まだ未解決の「給料等の未返上問題」
筆者の周辺の県議に聞いても、今回の無免許運転が辞職に値するなど考えている者はいない。もし、県議全員の過去をちゃんと調べれば、同じような「古傷」が見つかる県議もいるはずである。
中山県議の補欠選挙は知事選挙と同時に行われる2025年夏まで、欠員となるから、それまで川勝知事は数の上では安泰である。
中山県議の「辞職勧告決議」は本人の未熟とも言える決断で簡単に決着してしまった。一方、川勝知事の「辞職勧告決議」にまつわる「給料等の未返上問題」は決着したわけではない。9月県議会が本番である。
9月県議会で給料等返上条例案が審議されるが、自民党県議団内部でも意見は分かれ、こちらもどうしていいのか困っている。
2021年暮れの「辞職勧告決議」の場合、川勝知事の提案した給与、ボーナス返上だけで済まされる問題ではないと、自民党県議団はあくまでも知事辞職を求め、給与等返上に関わる条例案の審議を拒否した。
その結果、川勝知事は静岡県議会側が条例案の審議を拒否したから、自らペナルティに科した「給与等の全額返上」ができないのはやむを得ないともっともらしいストーリーをつくり上げ、この問題を頬かむりした。
2年近くたって、川勝知事から給料等返上の条例案が提出され、この問題は蒸し返されるのだ。
実際には、2021年暮れの状況と事態は全く変わることなく、自民党県議団が求めているのは、川勝知事の辞職であり、給与等の返上ではない。「辞職勧告決議」はおカネで済まされる問題ではない。
だから、川勝知事の給与等返上に関わる条例案を、自民党県議団がすんなりと受け入れる理由は何ひとつない。もし、受け入れたとしたら、何のための「辞職勧告決議」だったのか県民から疑われてしまうだろう。しかし、だからどうすべきかの妙手はないのだ。
県民は大喜びする妙案
中山県議が残っていれば、水面下で中山県議を懐柔した上で、もう一度、不信任決議案に持ち込めたかもしれないが、いまや遅きに失している。
筆者は、おカネのことならば、おカネで解決すべきと何度も言ってきた。給料、ボーナスだけでなく、4期目の退職金も一緒に辞退させろ、と提案した。

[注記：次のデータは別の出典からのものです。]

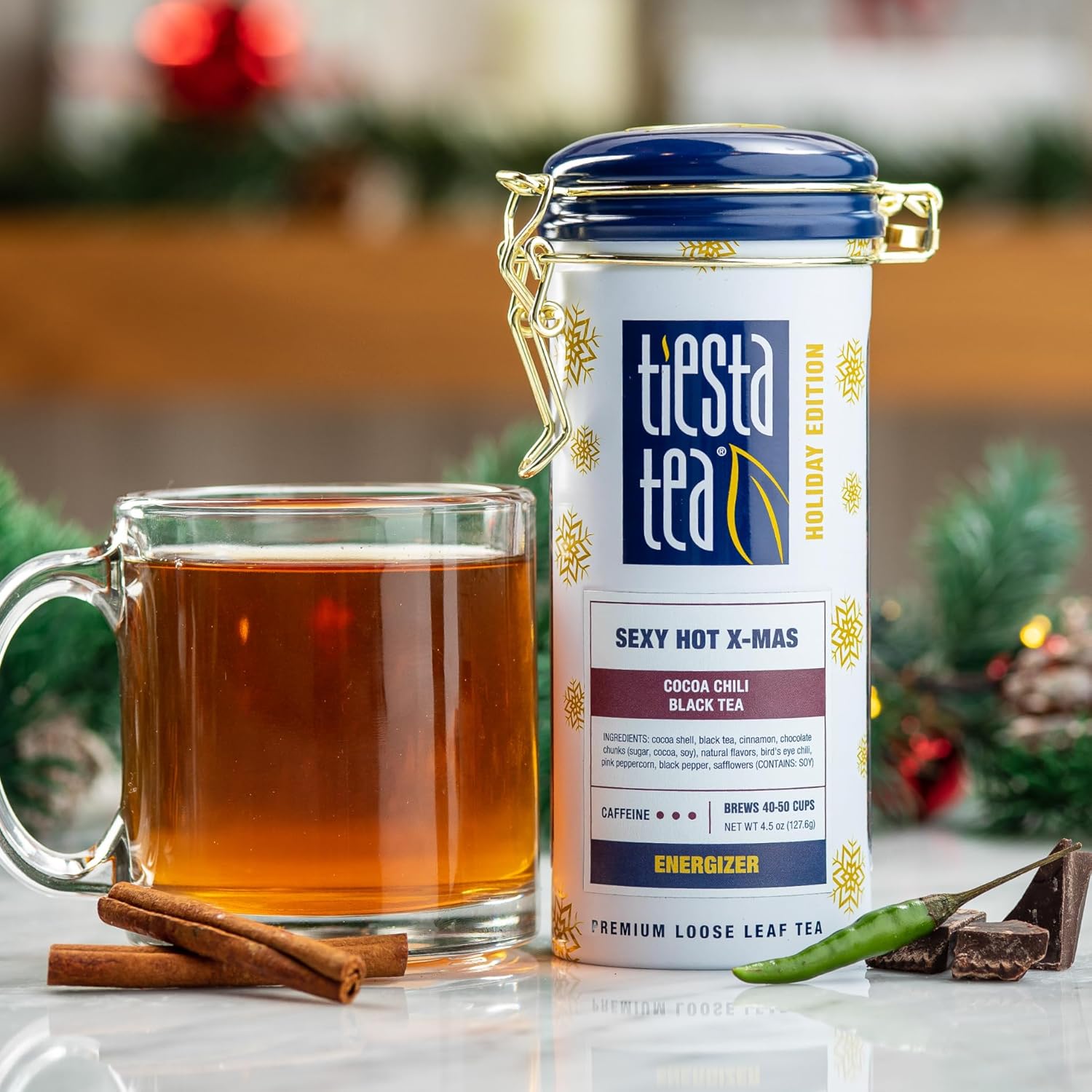 Tiesta Tea - Sexy Hot Christmas Tea, Loose Leaf, Cocoa Chili Black, Premium High Caffeinated Blend, Spicy Black, Make Hot or Iced, Brews Up to 50 Cups, 4.5 Ounce Refillable Tin

2009年初当選した川勝知事は、選挙公約で退職金4090万円を全額返上すると表明、そのための条例案が2012年9月県議会で可決され、1期目の退職金を辞退した。
2期目、3期目は退職金辞退の公約をしなかったとして、川勝知事は退職金4060万円を受け取った。合計約8120万円である。
一方、2016年、2019年、2020年に退職した3人の副知事は、退職金約2000万円を辞退した。この辞退の裏には、川勝知事が退職金を辞退させる、あるいは辞退せざるを得ないよう忖度を誘導した疑いが強い。
県特別職報酬審議会の答申通り、知事だけでなく、副知事は法律、条例に厳格に従って退職金を受け取るべきなのに、3人の副知事は個人の意思で退職金を辞退するという異例の事態となった。
全国的に見ても、知事が退職金を受け取っているのに、副知事が自主的に退職金を辞退している事例はない。
こんな異常事態の中で、川勝知事が不祥事の責任を取って給料、ボーナスだけを返上する条例案を提出しても、県民は誰も納得できない。
自民党県議団は、給料、ボーナスの約440万円に上乗せして、退職手当約4060万円の返上も求めればいい。そうすれば、合計約4500万円で切りもいい。給料、ボーナスをさらに加算して、合計約5000万円にでもすれば、県民は大喜びだろう。おカネの額をどうするかで自民党県議団は知恵を絞るべきだ。
県議会の「辞職勧告決議」は中山県議には重い刑罰のような結果となったが、川勝知事には何らの痛痒も与えなかった。
今回の問題は、おカネの額を大幅に引き上げることで決着させたほうがいい。それで川勝知事に少しくらいの痛みを与えることができるかもしれない。